This conservative audience would also consider every antisemitic slur against Shylock as a statement of simple fact, whereas a sympathetic audience would consider the source of the bigoted remarks. Sympathizers with Shylock will regard the slurs as a defect of their speakers, not as an attitude Shakespeare was necessarily trying to promote.
Shylock’s “Hath not a Jew eyes?” speech would thus be understood as a legitimate expression of his grievances against his Christian persecutors; and while his thirst for revenge is assuredly going too far, it is seen as the understandable act of a man tragically pushed over the edge, not just an example of his ‘wicked Jewishness’.
In today’s more tolerant world, that the sympathetic interpretation is preferred to the antisemitic one is so obvious as not to need elaboration; there is, however, an artistic as well as humane reason for preferring the former.
The antisemitic reading results in one-dimensional characterizations that are not borne out in Shakespeare’s text–Christians thus would be stupidly good and the Jews dully evil. The clean-cut happy ending of such an interpretation, with Jews converted to Christ, is also blandly simplistic.

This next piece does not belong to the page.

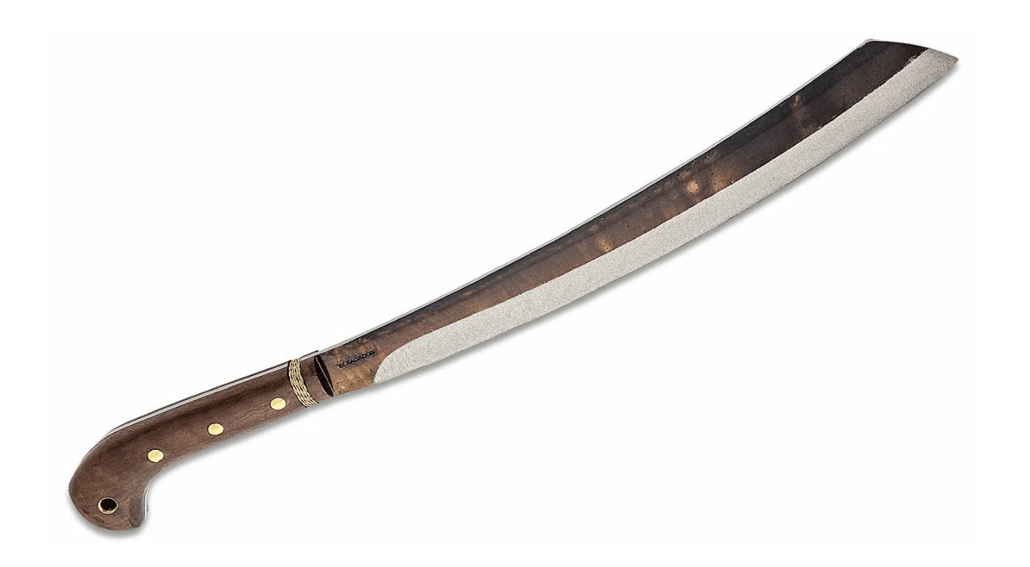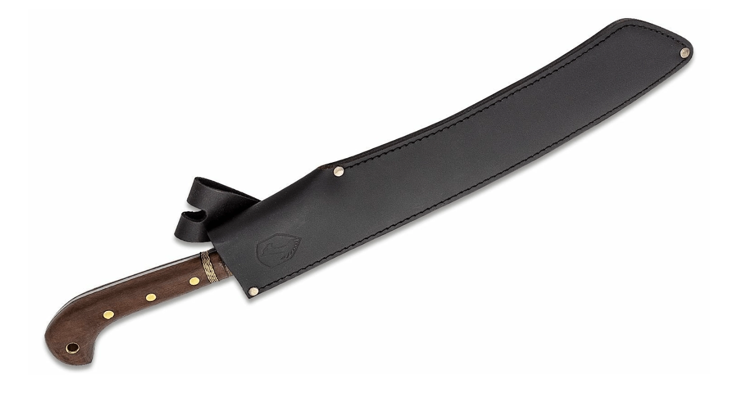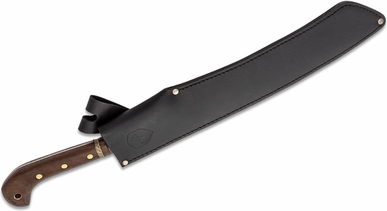 Ergonomiczna rękojeść z twardego drewna z dekoracyjnym mosiężnym oplotem świetnie leży w dłoni, a poszerzone zakończenie zapobiega ześlizgiwaniu się przy mocnych uderzeniach. Dla bezpiecznego przenoszenia w zestawie znajduje się wytrzymałe skórzane etui.
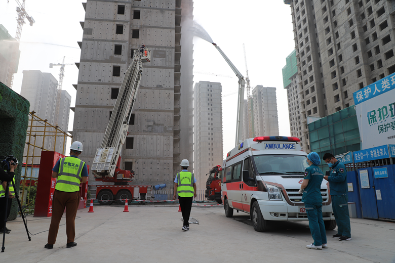 啟動儀式上,在工地現(xiàn)場開展了消防救援應(yīng)急演練。該環(huán)節(jié)模擬施工現(xiàn)場發(fā)生火災(zāi)時,現(xiàn)場管理人員應(yīng)急操作反應(yīng)及配合市消防救援支隊展開滅火救援的案例。演練現(xiàn)場火災(zāi)模擬真實生動,4部消防車、1部救援車、1部救護車實地奔赴現(xiàn)場開展滅火及救援。整個演練過程現(xiàn)場組織嚴密、人員到位快速、操作程序得當(dāng),達到了預(yù)期效果。宣誓環(huán)節(jié),由中建二局三公司代表引領(lǐng)各參賽單位代表共同開展安全宣誓。趙新中為各參賽單位授旗。

The sympathetic reading, on the other hand, allows for a more complex, nuanced characterization that is evident in the text, with a subtler mix of good and evil in both Jew and Christian; this also accords with Shakespeare’s usual colourful development of his characters. Furthermore, the resulting tragicomic ending, where Antonio is saved, but Shylock is pitifully ruined, agrees with our more morally ambiguous sense of reality, and is thus more artistically satisfying.